Initially I wrote "Increasing any of those you increase performance." But this is not true for single threaded and added the "in general" before posting. It is still a bad writing that I submitted too fast. I would have written something like "if the software is threaded enough", but it didn't seem needed after spending days explaining why Intel i5 are better than AMD FX-8 in poorly threaded games and how AMD eight-cores will be better with next gen games thanks to consoles.

Moreover, there is an important detail that some people forgets. Multi-core chips can increase performance of single-threaded software in a concrete situation: multitasking. Today the working paradigm doesn't consist in the old model of working with one application: open it, work, close it, open another...

Today, even newbies can have 2-4 apps opened at the same time. Even if each one of them is single-threaded, you can have several threads running at once. Or do you really believe that every owner of a dual or quad is only using a 25-50% of its chip daily?

However, experts as you will still find deficiencies in my post. For instance, sometimes increasing IPC or freq, does not increase performance; we discussed previously a GPU bottlenecked game, but you can find memory bottlenecks, and hard disk bottlenecks, and even network bottlenecks... it depends of the concrete task and hardware/software used, as you know.

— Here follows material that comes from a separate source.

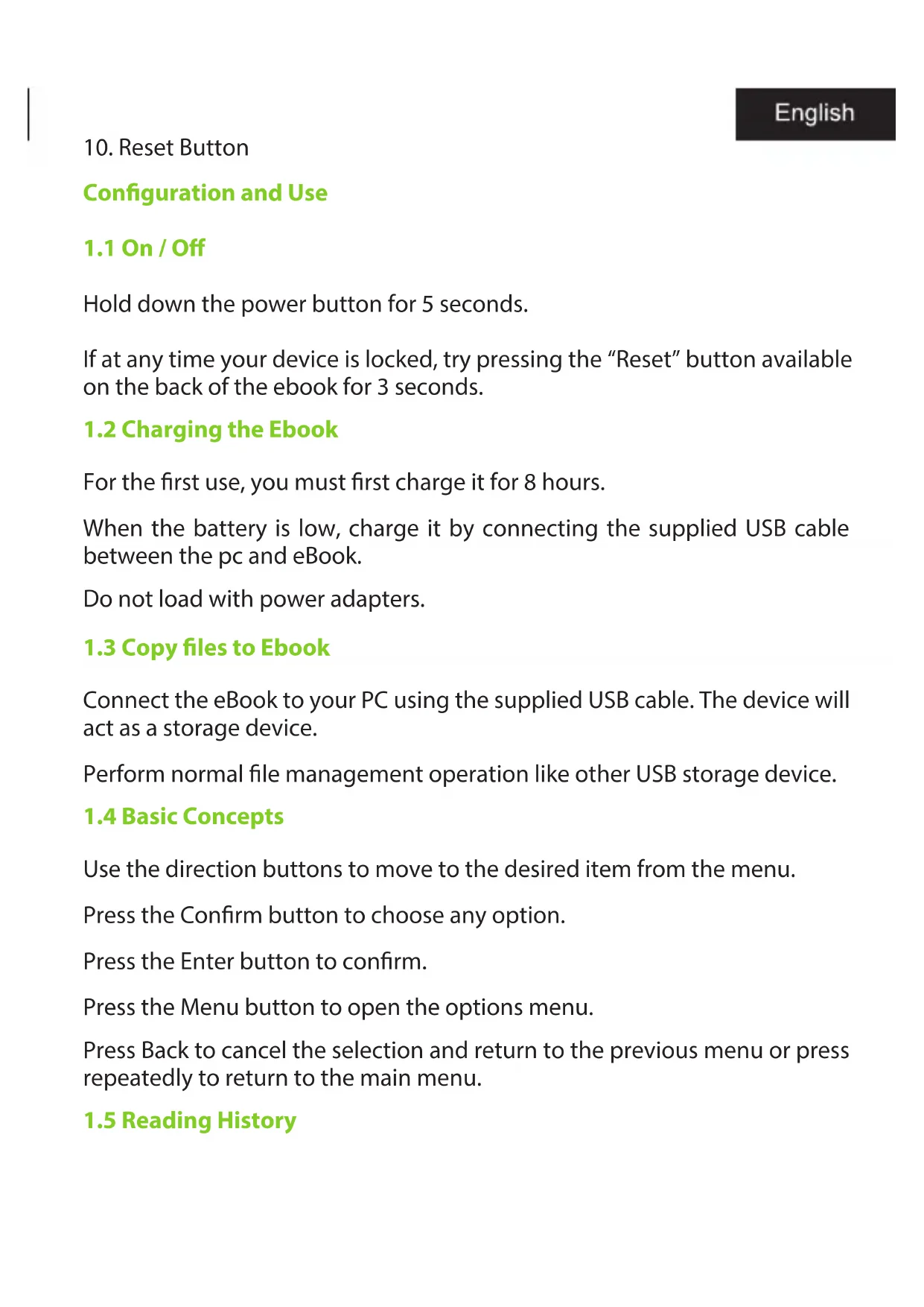 8. Maintenance: If you want to clean your ebook, use a dry cloth (never solvents such

Finally notice that the "greedy Intel bastards" are going to release their first 8-core chip. Surely, they are convinced that their new chip will provide performance advantages over their current six-cores.
 
The hardware performance depends on IPC, clock speed, and number of cores. Increasing any of those you increase performance in general. Evidently if you overclock enough an i3 it will outperform a quad.

More cores only helps performance if two conditions are met:

1: They are utilized
2: The CPU was bottlenecked before those extra cores were added

In games, if a 2 core CPU can process all threads and finish processing before the GPU finishes rendering the current frame, and has a higher IPC+Clock then a rival processor, the 2 core CPU will outperform the rival processor, regardless of how many cores it has and regardless of how many threads the game is using.

In short: If a 2 core CPU is not bottlenecked and has a higher IPC then an 192 core CPU, the two core chip will be faster. This is not affected in any way by the number of threads the application in question is using [as again: Not CPU bottlenecked]. Thats the point that is being ignored entirely by the peanut gallery.

Hardware is reaching physical limits with current technology and that we will not see tomorrow a single core clocked at 30GHz, but more and more multicores. Intel is going to release their first eight-core chip, because there is no way that they could fabricate a quad or a dual core chip with the same performance.

And I'm pointing out that software has reached its limits, at least in regards to how PC's are currently architected. Individual programs do not scale; developers have been trying to find ways to do that since the 70's, with very little success. The few things that do scale though, tend to be massively parallel, hence GPU's.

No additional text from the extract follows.